Berdasarkan latar belakang tersebut penelitian ini perlu dilakukan guna


mengetahui apakah pada saat banjir terjadi bersamaan dengan air pasang yang
tinggi terjadi kenaikan muka air banjir di penampang Sungai Palu akibat
backwater.

Kejadian banjir di palu barat dikontrol oleh kondisi morfologi, geologi,


dan dipicu tingginya curah hujan dalam satu kesatuan. Pertama tutupan lahan
dibagian hulu di pegunungan Daerah palu barat masih dominan ditutupi oleh
hutan khususnya di desa kalora dan pada bagian lebih landai merupakan
perkebunan dan pemukiman, topografi di sekitar lokasi gerakan tanah dan banjir
bandang, berupa perubahan dari bagian hulu perbukitan dengan kemiringan lereng
curam dengan lembah sempit berbentuk V. Ketinggiannya lebih dari 300 meter
d.p.a menjadi perbukitan dengan lereng sedang, lembah sungai berbentuk lebih
lebar (berbentuk U) dan ketinggian 100-300 m d.pa. dan menjadi wilayah
pedataran di bagian hilirnya yang bermuara di Teluk Palu.
Gambar. Banjir dipalu

3. Kondisi Banjir di Dolo

Wilayah landasan bencana yang berdampak di palu barat dan dolo.


Wilayah yang terdampak bencana tersebut, bertempat pada wilayah landaan banjir
bandang masa lalu yang tidak diketahui waktu kejadian.
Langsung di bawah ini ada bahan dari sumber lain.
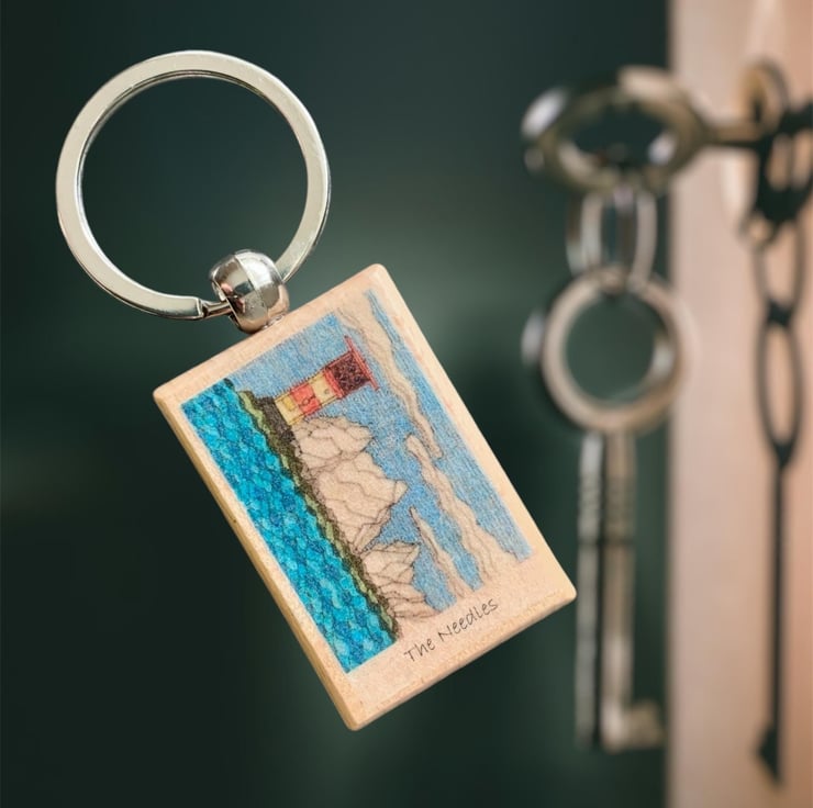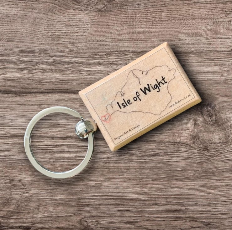 The keyring is made from solid wood with a silver coloured split ring attached. It is hand decorated with a unique art print of one of my original Isle of Wight drawings. The back of the keyring has an outline of the Isle of Wight with a small red heart to indicate the location of The Needles to the west of the Island. The decoupaged artwork is varnish for protection.
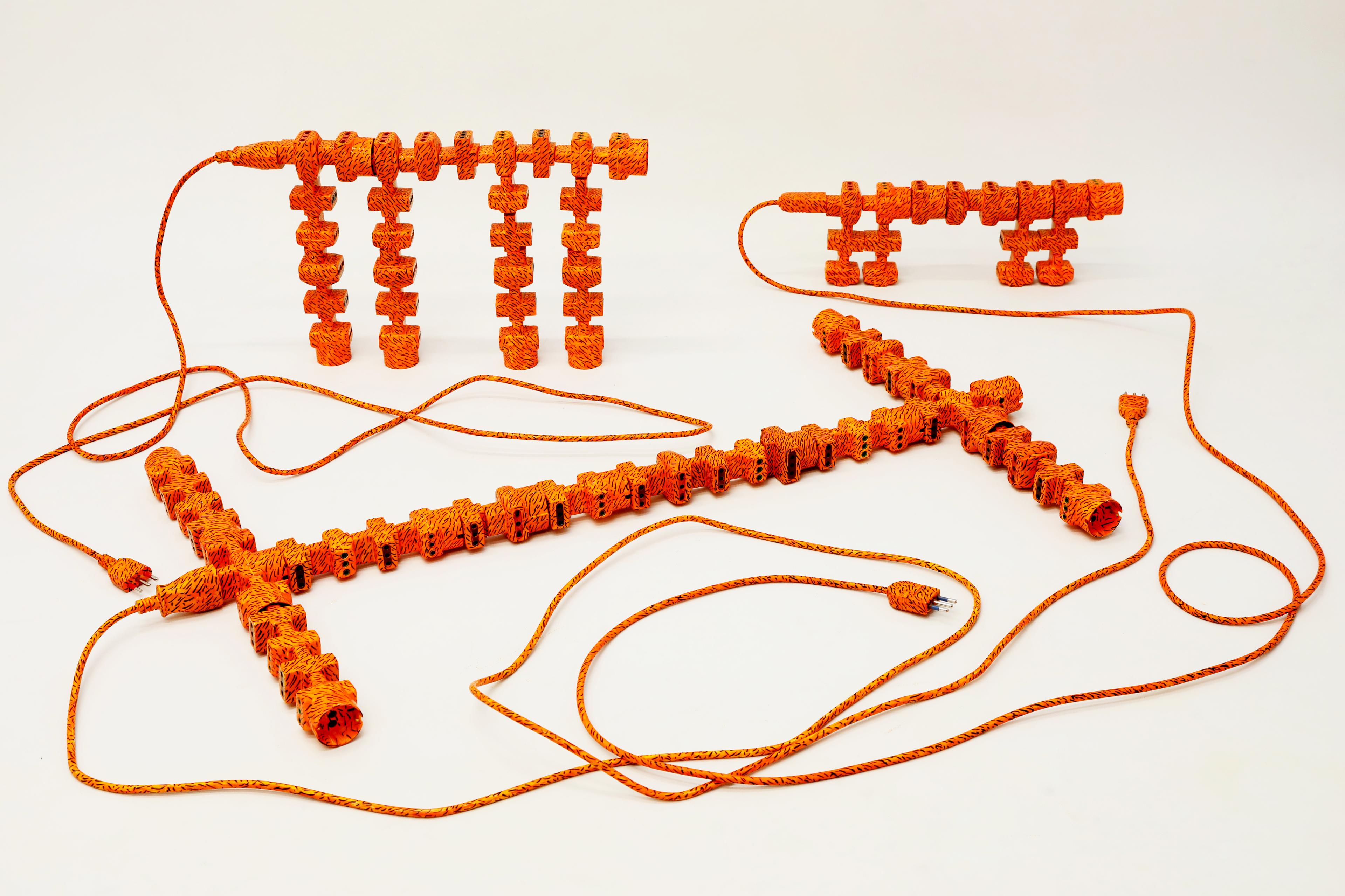The installation is composed of nine sculptures (five tigers and four crocodiles); each sculpture is made of painted plugs and extensions. A grotesque elegance and irony linger in this work, where absurd, disturbing, yet attractive elements blend together to create an imagery that appears dystopian and plausible at the same time. Technology and electronic devices offer many benefits and comforts; at the same time, what we create seems to backfire in the long run. Through a vocabulary made of fragility and danger, the artwork offers a sharp perspective to analyse the present age.
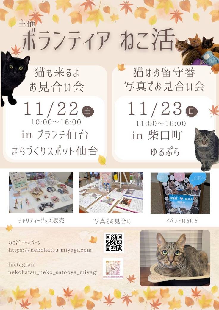 22日(土)は仙台市泉区長命ケ丘のブランチ仙台まちづくりスポット仙台にて譲渡会です。
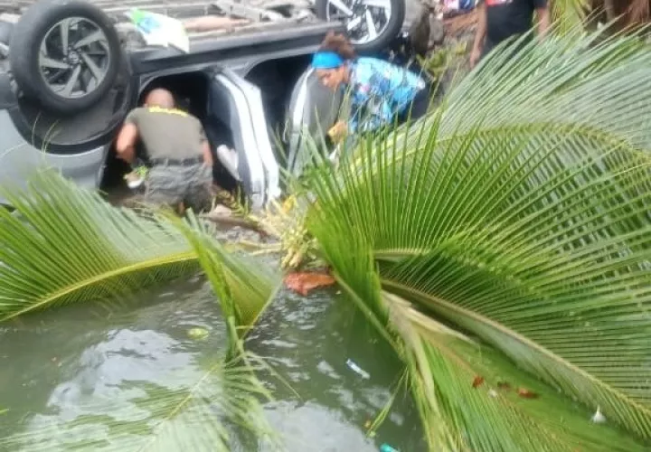 Del impacto el vehículo quedó volcado con las llantas hacia arriba. De inmediato agentes de la Policía Nacional de Portobelo, acudieron al auxilio de estas personas, debido a que el accidente ocurrió a pocos metros de esta estación policial.
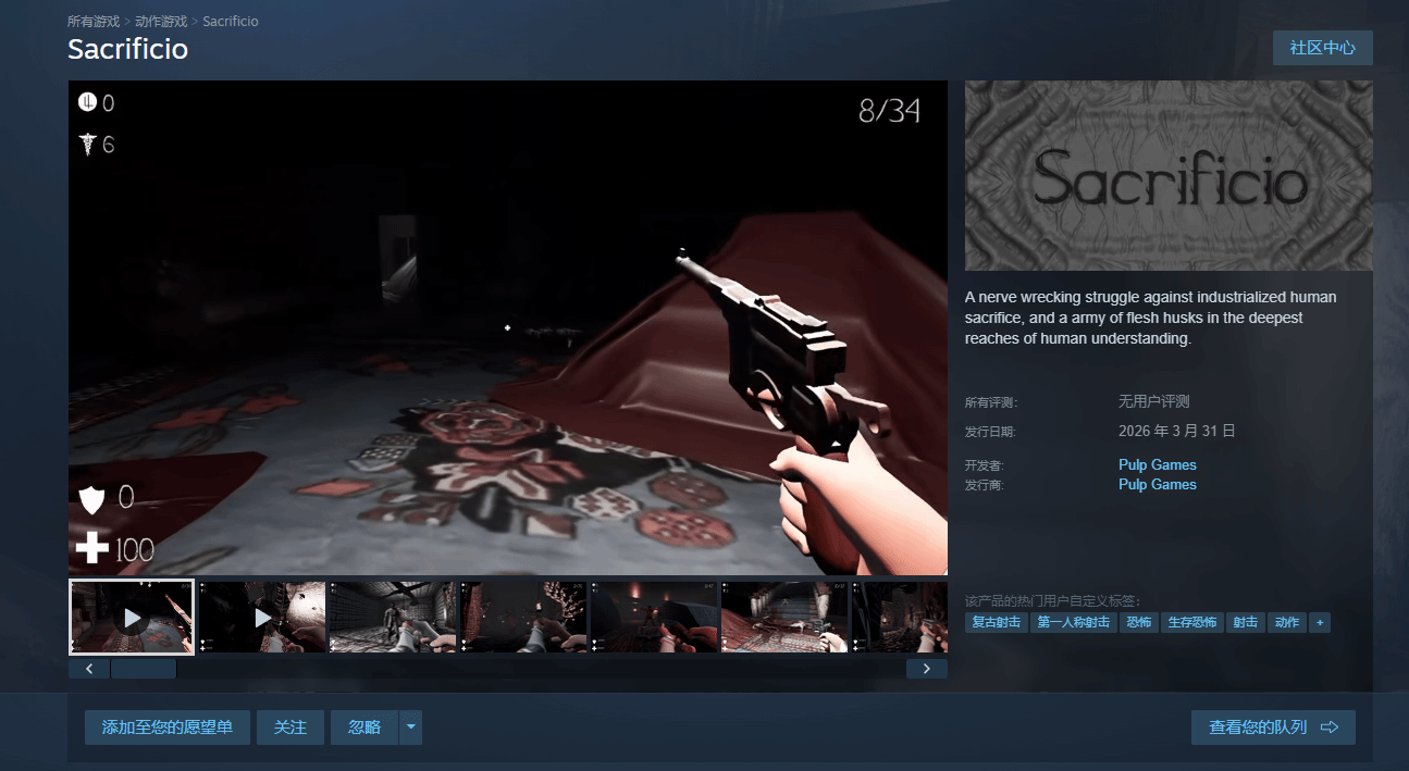 外媒gamerant消息显示,Pulp Games打造的复古第一人称射击游戏《Sacrificio》已确定上线时间,将于2026年3月31日正式登陆Steam平台,目前该游戏的免费试玩Demo已对外开放,玩家可提前体验其核心玩法。
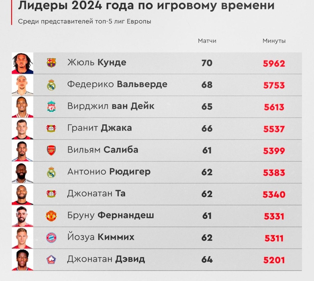 Жюль Кунде – лидер по минутам в 2024-м и по матчам, и по игровым минутам: француз незаменим и в «Барселоне», и в сборной Франции, ни одного матча которых Жюль в этом году не пропустил. Последний раз Кунде просидел матч «Барсы» в запасе в ноябре 2023-го, причем в том же месяце это последний раз произошло и в сборной. Федерико Вальверде мог зарубиться с французом за первое место: в 2024-м он пропустил один матч «Реала», но зато сыграл больше матчей за клуб благодаря победе в ЛЧ. Но, увы, за сборную Феде отбегал меньше, пропустив две июньские товарищеские встречи из-за финала ЛЧ. Гранит Джака (32 года) – самый возрастной в топ-10 после ВВД, тогда как Вильям Салиба (23 года) – самый молодой. P.S. 17-летний Пау Кубарси провел на поле 4649 минут – он в топ не вошел, но стал самым молодым футболистом в истории с таким результатом (у его ровесника, Ламина Ямаля, 4476 минут).

Wilayah landaan
bencananya merupakan wilayah pemukiman pada ketinggian 100-300 meter
diatas permukaan laut.Tingginya intensitas curah hujan menerus dibagian hulu
utamanya, yaitu di hulu sungai palu dan dolo, membuat got atau irigasi jebol yang
berakibat material banjir bandang dengan komponen batuan berukuran boulder,
pasir dan lempur yang bercampur dengan pohon melanda wilayah sungai.

Morfologi lembah sungai sendiri, lebih landai sehingga material longsoran


dengan kecepatan tinggi, menghantam semua wilayah disepanjang alur sungai.
Sepanjang alur perjalanannya, arus sungai dengan debit yang tinggi, sebagian
berubah alur mengikuti kemiringan-kemiringan perbukitan dan terjadi
pembelokan dibeberapa alur sungai. Landasan aliran bahan rombakan berupa
batuan berukururan boulder berdiameter lebih dari 64 milimeter, bercampur
dengan material berukuran pasir dan lumpur, serta batang kayu yang
menghancurkan pemukiman, jalan dan jembata. Jenis batuannya didominasi jenis
batuan metamorf (malihan) berjenis Sekis Mika, Gneiss, serta batuan sediman
alluvial.

Pada bagian dolo selatan, gerusan arus banjir bandang mengakibatkan


longsoran sepanjang tebing sungai alur lembah sungai serta terjadi pembelokan
beberapa alur sungai. Adanya pembelokan alur sungai itu, terjadi limpasan
(overflow) debit air tinggi bercampur pasir dan lumpur, serta batang pohon saat
melewati alur sungai di jembatan banyaknya lahan permukiman yang rusak di
dekat limpsan banjir bandang.
Gambar ; Banjir bandang di daerah dolo selatan, kab. Sigi

4. Pengaruh Banjir terhadap Lingkungan


 Pada daerah palu barat akibat dari banjir terhadap lingkungan
rusaknya lahan di pegunungan bagian desa kalora sehingga lahan
menjadi botak dan menimbulkan banjir lagi. Dan material-material
sedimen yang terbawa banjir tertimbun dijalan raya sehingga jalan
raya menjadi sulit dilalui.
 Pada daerah dolo barat dan selatan akibat banjir terhadap
lingkungan jalan rraya tidak bisa dilalui kendaraan dan banyaknya
lahan kebun perkebunan yang rusak sehingga botak dan bisa saja
akan menimbulkan longsor dan banjir.